I wasn’t super freaked by what was going on but the other guys praying certainly were. And they had reason to because while T was in the grip of whatever had hold of him, he started talking back to those praying for him, calling them weak, calling them sinners, accusing them of not knowing what they were doing. He even turned to one of the guys who was praying and said he was going to leave T and enter him instead.
Now here’s the bit I don’t understand. He spoke specifically to three of the people praying for him, but he didn’t say anything to me. I suppose one reason could be that because I wasn’t buying it, I wasn’t a threat to it. I mean I was praying, but it was a weak prayer along the lines of, “Lord, if this thing is real, help T and help my friends who are praying for him.” I didn’t have any of myself invested in that prayer whereas the other three guys were verbally praying their guts out, trying to drive this thing from T. Why should it have paid any attention to me.

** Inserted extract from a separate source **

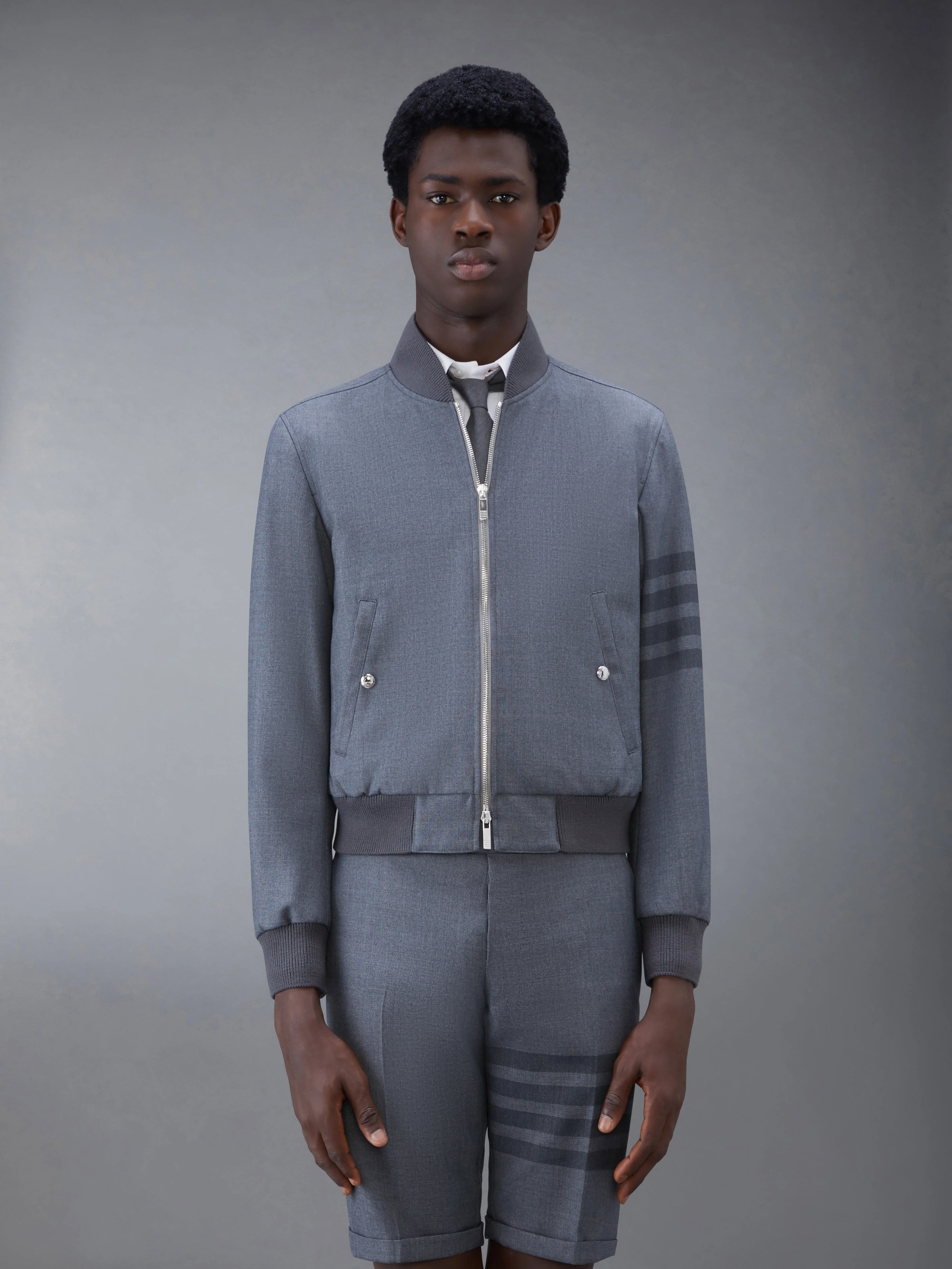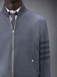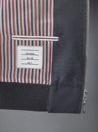 DETAILS & FIT At Thom Browne, uniformity is novel. Our School Uniform 4-Bar Blouson Jacket is a functional closet staple, complete with welt side pockets and a zip front closure. 2-way silver tone zip front closure Rib stand collar, cuffs, and hem Snap fastening welt side pockets Tonal 4-bar stripe detail at left sleeve Striped lining with interior pocket and name tag Signature striped grosgrain loop tab at back of neck Model is 6' 1" (185cm), wearing size 0 50% Wool, 50% Polyester Lining: 100% Cupro Made in Japan MJO030A-04346-035

And see, this is part of why I have such a hard time with this whole spirituality thing – because it reads like a bad fantasy novel. And I don’t like the fantasy genre (I was bored through most of the LOTR trilogy, especially the first one).
But at the same time it troubles me because I feel like I’m dissing T by not
believing in this manifestation and by extension, I’m dissing the other guys who were praying because they certainly believed it was serious and real. Not only that, but what if it was real and what if I really was such a non-threat to whatever it was that it didn’t even bother to acknowledge me. Now I don’t mean to say that I wish it had spoken to me, I’m glad it didn’t, but if it didn’t because it didn’t give a shit about me, well that makes me a pretty pathetic Christian doesn’t it?
Bottom line? I don’t know what I saw.